Scenario Pattern Why
Fraud signal correlation Validation Loop Testing whether signals confirm fraud
Claims evidence Validation Loop Testing whether coverage holds
Security exploit confirmation Validation Loop Testing whether a vulnerability is real
Contract clause drafting Critic-Actor Improving output against a compliance bar
JSON schema extraction Critic-Actor Refining output until required fields are present
Report generation Critic-Actor Improving quality until the Critic accepts

One-shot agents (BaseAgent) remain the right default for triage, routing, guard, audit, and graph sync — tasks that produce their answer in a single pass. The iterative patterns are an explicit SA design-time decision, not an automatic upgrade.

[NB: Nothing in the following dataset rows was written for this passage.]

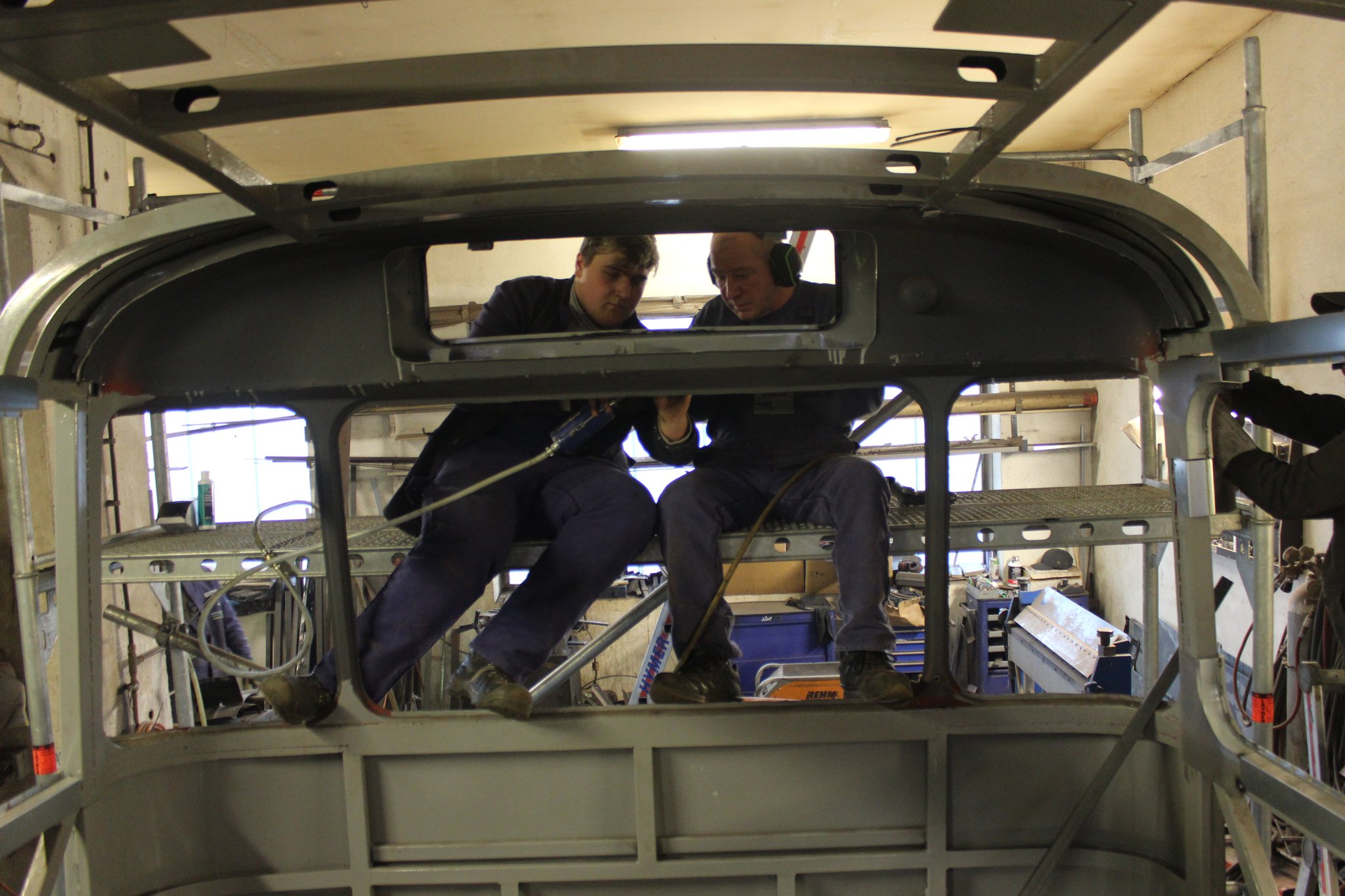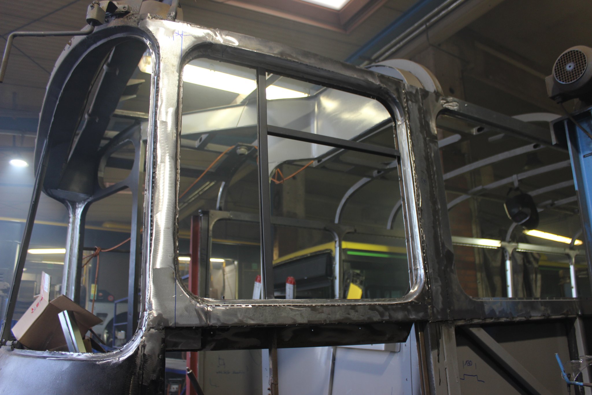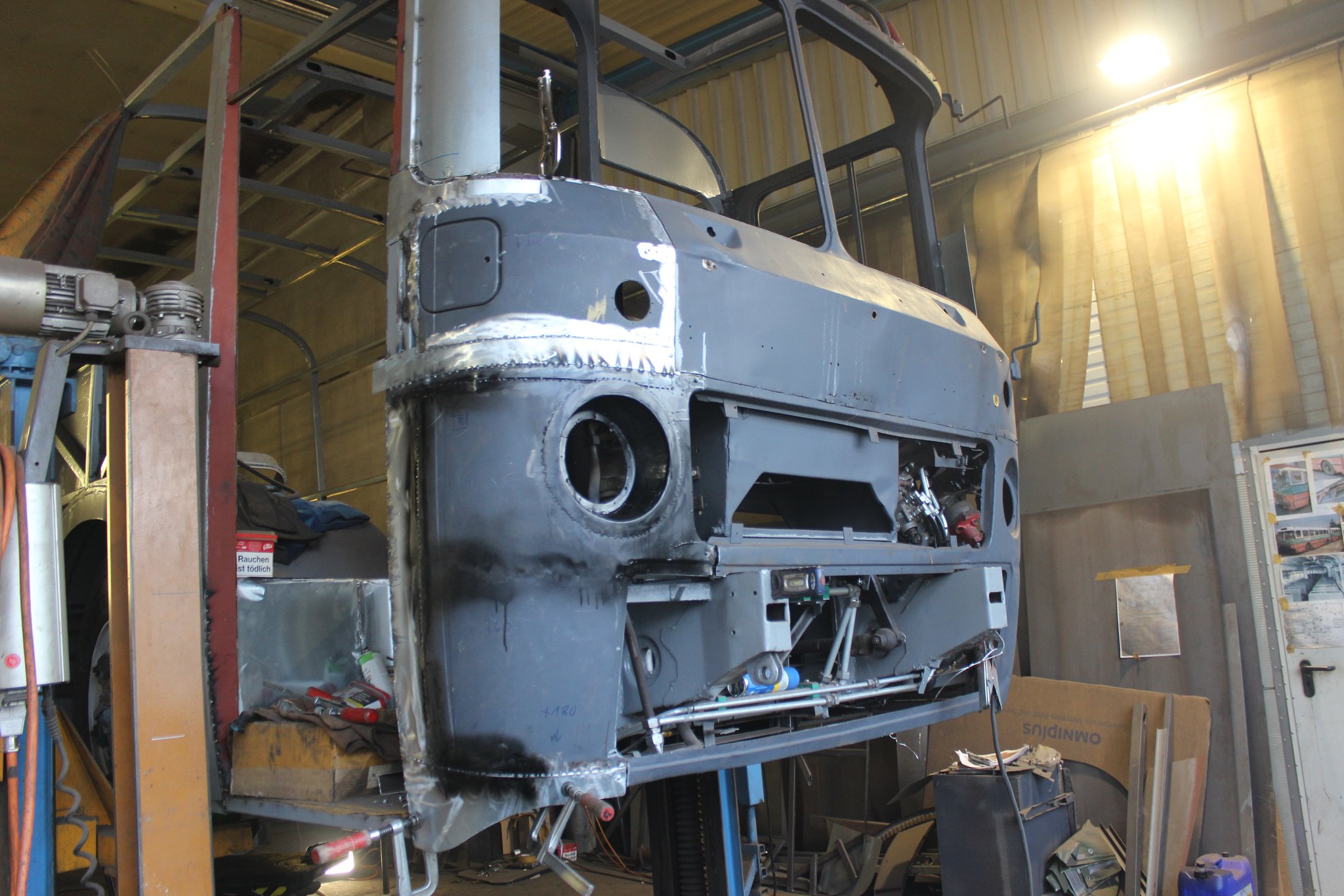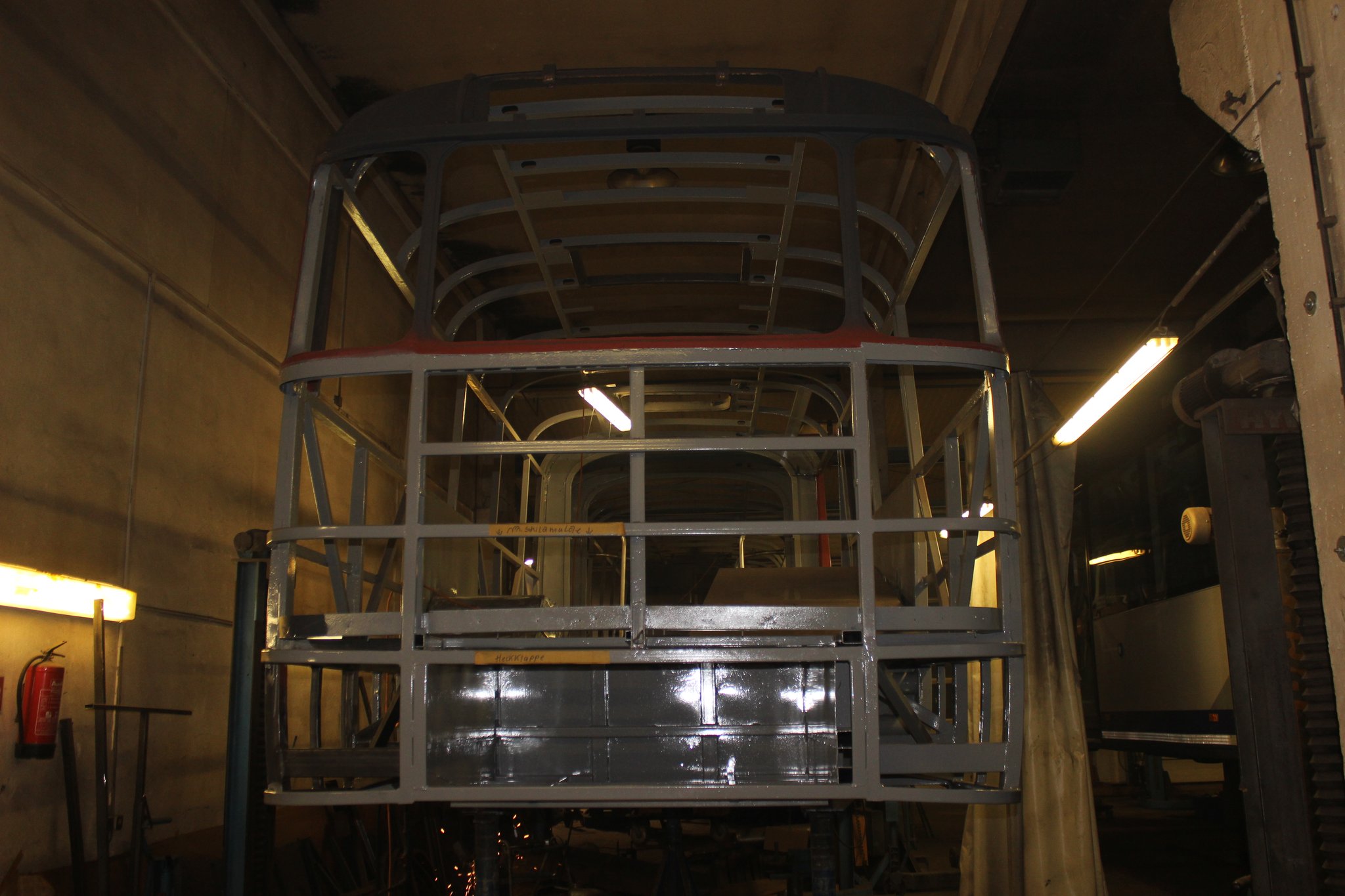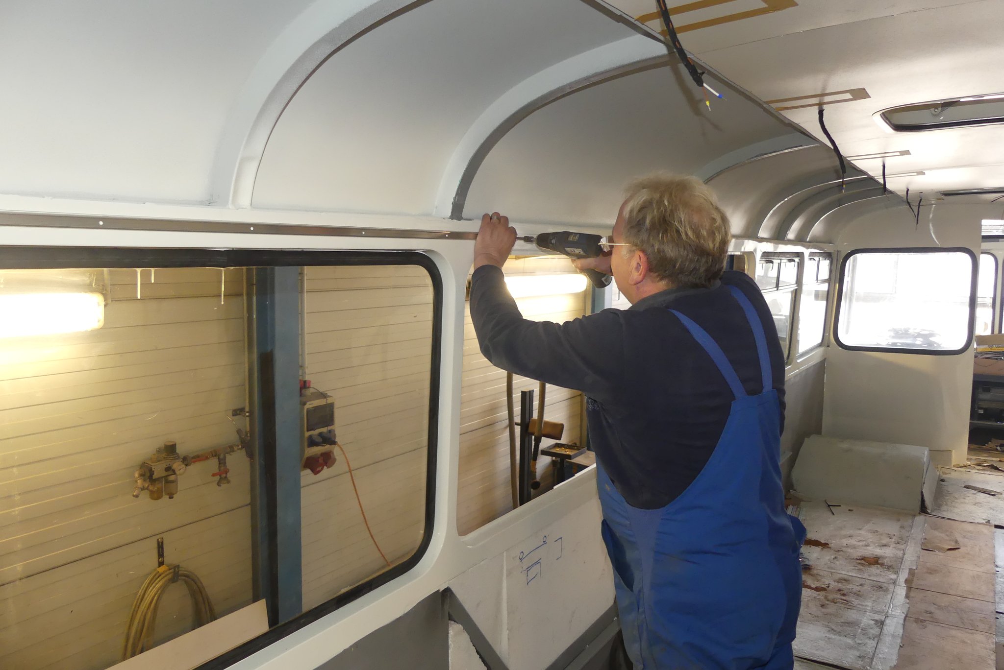 04.02.2022 - Einbau der Fußbodenplatten; Türaufnahme Tür 1 und 2; Neuanfertigung der Klappenstützen; Instandsetzung sowie Montage des Dachendblech mit Zielschildeinsatz; Instandsetzung des Fahrerfensters; Instandsetzung Stoßfänger vorn; Fahrzeugisolierung; neu angefertigte Scheibenaufnahmen einschweißen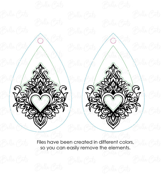 Mandala Heart Cut Engraved Earrings, Digital File Download, SVG DXF, Glowforge Ready, Commercial Use #253
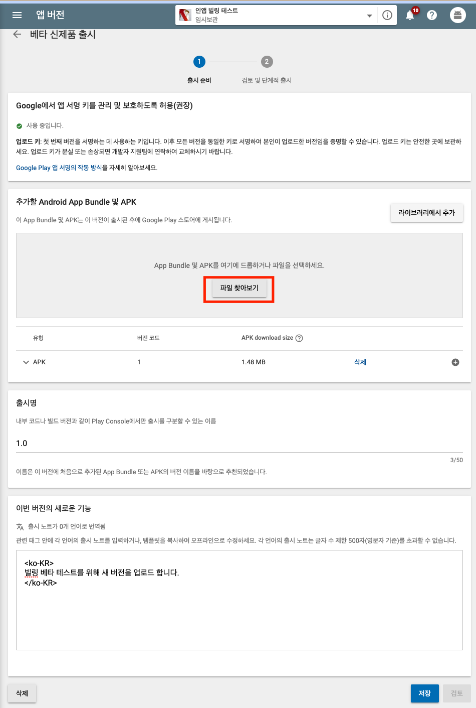베타 버전으로 앱 등록하기 : https://nicgoon.tistory.com/199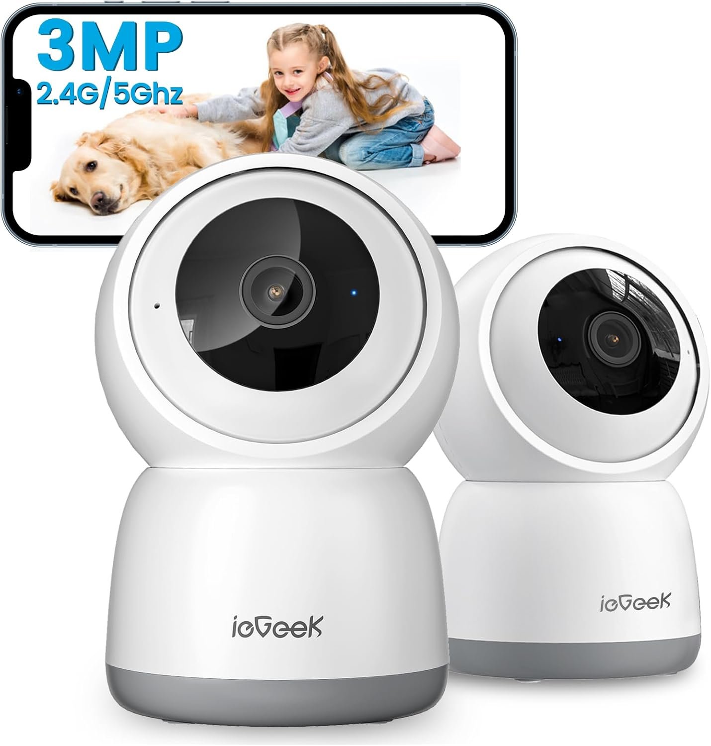 ieGeek 2K Indoor Security Camera, 5G/2.4G WiFi Pet Cameras for Home Security, 360° Dog Cam w/Auto Tracking, Smart Motion Detection, Phone App, Baby Monitor, 3MP Night Vision, Works with Alexa(2 Pack)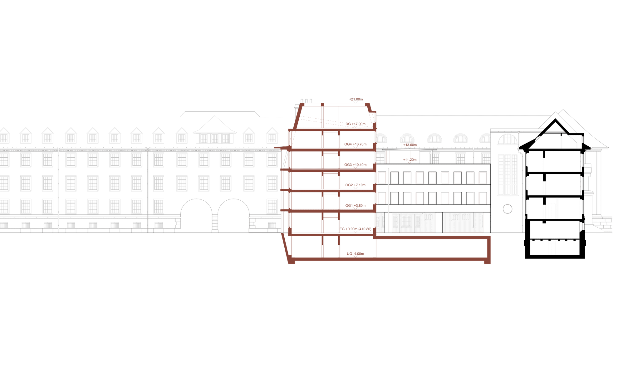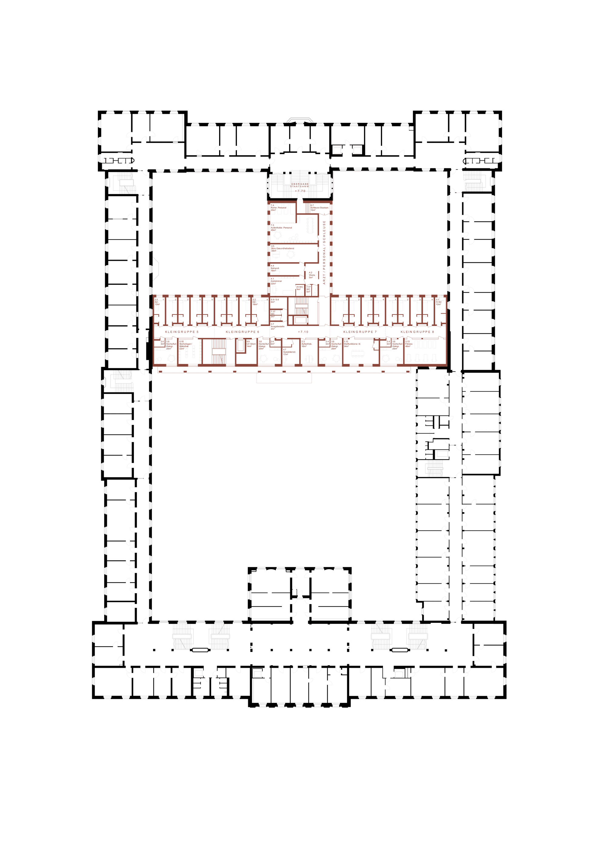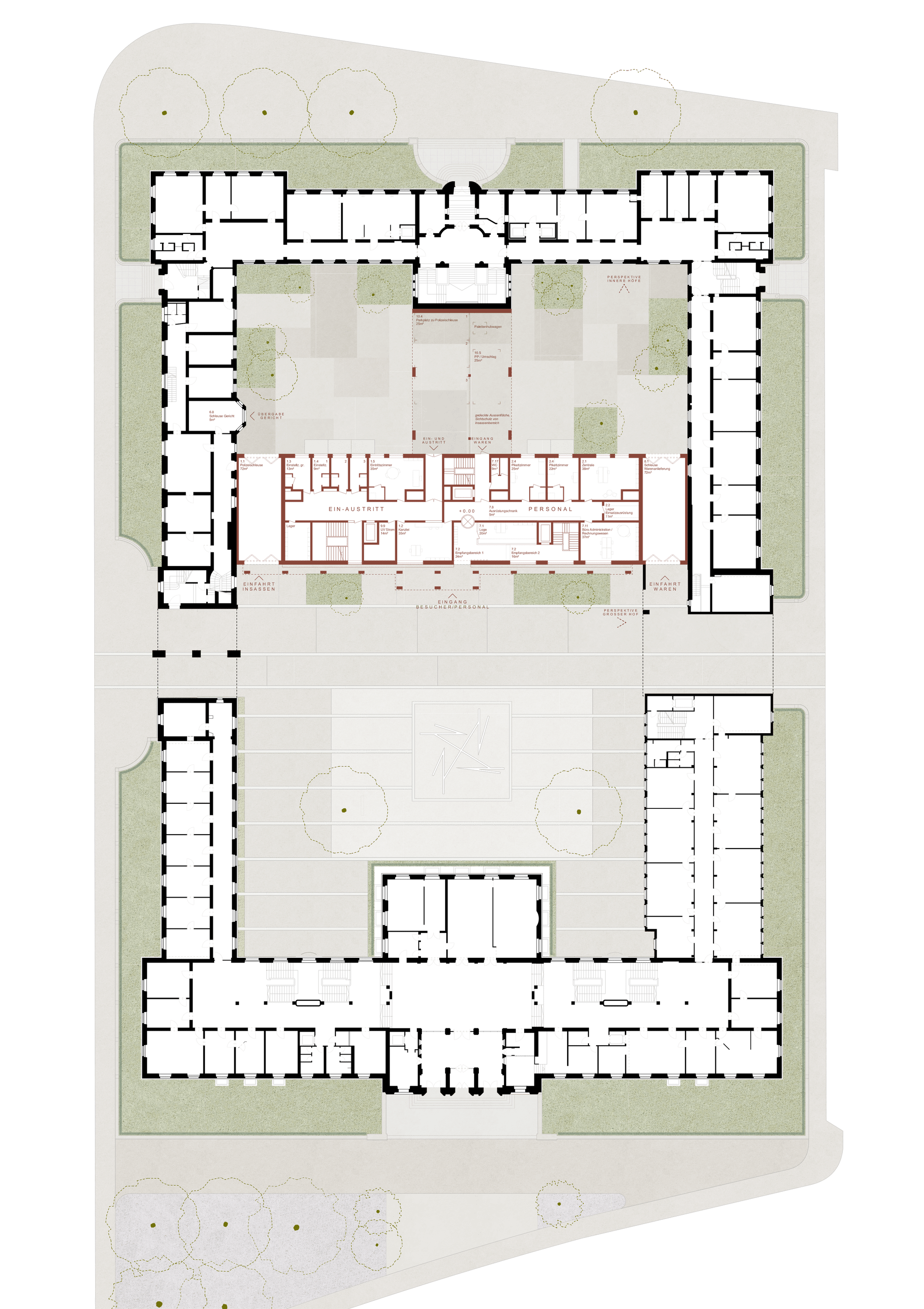 Dank des offenen Erdgeschosses des Zwischenbaus kommen beide Höfe ohne zusätzliche Überdachungen aus und erhalten so ihre ursprüngliche Proportion. Durch die geringe Höhe des Zwischenbaus bekommen sie mehr Licht und eine räumliche Ahnung des jeweils anderen Hofes. Die Hülle ist wenig ausgesetzt und kann als glatte Fassade mit Lehmziegeln verkleidet werden, so dass sie an die ursprüngliche ornamentlose Fassade des Gefängnistrakts erinnert und diese in die Zukunft trägt.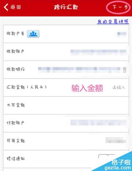 4、输入你的收款户名(姓名),收款的账户账号,以及收款的银行,金额,输入完成点击“下一步”。进入下一步后,再次“确定”。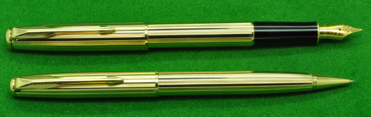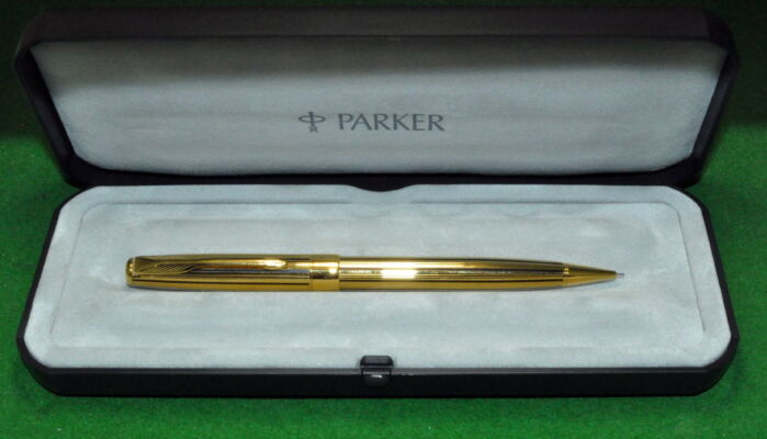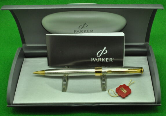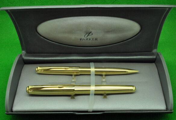 Parker Sonnet SET In Gold fill – Fine Line Pattern. Fountain Pen and Pencil. Both In MINT condition in original Box. Fountain pen fitted with the original medium tipped nib.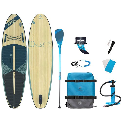 SUP-Set mit aufblasbarem Allround-Board in Dropstitch-Konstruktion; verstärkte Sidestringers; Fixierung für 1 Kajaksitz und Dry Bags; 1 abnehmbare Smartfin aus recycelten Fischernetzen; 1 Teleskop-Paddel; 1 Doppelhubpumpe; Reparatur-Kit; Gepäcknetz; Leash; inkl. Packsack mit Rucksackträgern; max. belastbar bis 120 kg.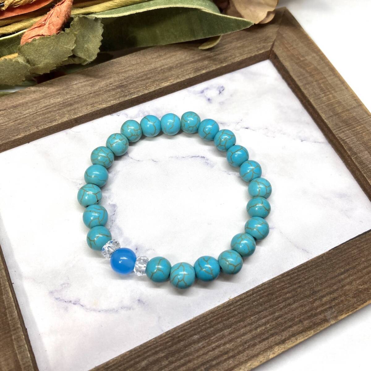 - 青瑪瑙&ターコイズ ブレスレット パワーストーン レディース 女性 金運 恋愛 開運 数珠ブレス お守り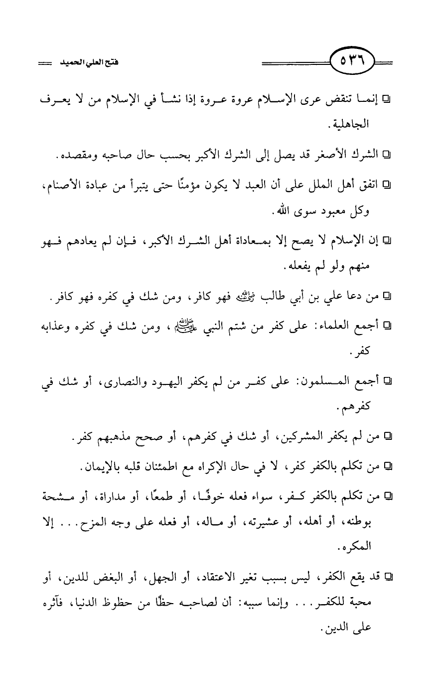 كتاب فتح العلي الحميد في شرح كتاب مفيد المستفيد في كفر تارك التوحيد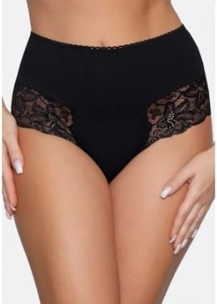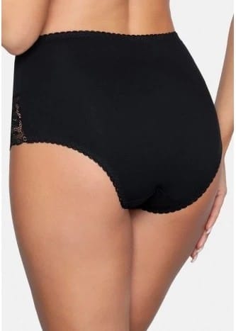 Bawełniane figi damskie o wysokiej linii talii. Zabudowane biodra, nogawki wykończone ażurowa koronką o kwiatowym motywie. Skład: 94% bawełna, 6% elastan;koronka 89% poliamid, 11% elastan.

Both are invisible to the caller

From the Squad’s perspective, both patterns look identical to a plain BaseAgent:

flow:
  - agent: ClaimsTriageAgent        # one-shot
    result_key: triage
  - agent: FraudDetectionAgent      # ValidationLoop — may iterate 1–5 times internally
    result_key: fraud
  - agent: ContractDraftingAgent    # CriticActor — may refine 1–3 times internally
    result_key: contract
  - agent: AuditAgent               # one-shot
    result_key: audit

The Squad calls execute(payload) and receives a dict. The number of internal iterations is an implementation detail. The squad contract, the orchestrator contract, the agent YAML — none of these change.


State contracts in models/

Both ABBs follow the same separation principle: data contracts live in models/, separate from execution logic.

Package Models
k9_agents/validation/models/ ValidationLoopContext, ValidationLoopStep, ValidationLoopResult, ValidationDisposition
k9_agents/critic_actor/models/ CriticActorContext, CriticActorStep, CriticActorResult, CriticActorDisposition

Loop state can be persisted to PostgreSQL, written to the Neo4j knowledge graph, fed into telemetry dashboards, or serialized for human review — without touching the agent implementation.


Inheritance hierarchy

BaseAgent
  ├── BaseValidationLoopAgent   (hypothesis-test-observe ABB)
  │     └── K9ValidationLoopAgent   (LLM-driven OOB)
  │           └── FraudDetectionAgent / ClaimsEvidenceAgent   (domain SBB)
  │
  └── BaseCriticActorAgent      (actor-critic-refine ABB)
        └── K9CriticActorAgent      (LLM-driven OOB)
              └── ContractDraftingAgent / SchemaExtractionAgent   (domain SBB)

Both OOB implementations follow the same principle as K9ModelRouter — ready to use without modification, extensible by overriding only what the domain requires.


Tests

  • K9ValidationLoopAgent — 16 tests covering convergence, caps, escalation, JSON parsing, subclass extension. See k9_aif_abb/tests/test_k9_validation_loop_agent.py.
  • K9CriticActorAgent — 15 tests covering acceptance, refinement, max-round behaviour, critic errors, JSON parsing, subclass extension (SchemaValidatorAgent). See k9_aif_abb/tests/test_k9_critic_actor_agent.py.

All tests are fully offline — no LLM or network required.


EOC reference

The K9X Enterprise Insurance Operations Center implements both patterns:

  • FraudDetectionAgentK9ValidationLoopAgent; iterates rule signals + LLM until risk confidence is sufficient
  • DocumentExtractorAgentK9ValidationLoopAgent; OCR runs once on iteration 1, cached; re-extracts until required fields are present

The full EOC architecture — squads, agents, orchestrators, and the K9ValidationLoopAgent ABB node — is navigable as a live knowledge graph at graph.k9x.ai, under the Examples tab.


BaseValidationLoopAgent, K9ValidationLoopAgent, BaseCriticActorAgent, and K9CriticActorAgent are available in k9_aif_abb/k9_agents/. The full usage guide is in SKILLS.md. The framework is open source at github.com/k9aif/k9-aif-framework.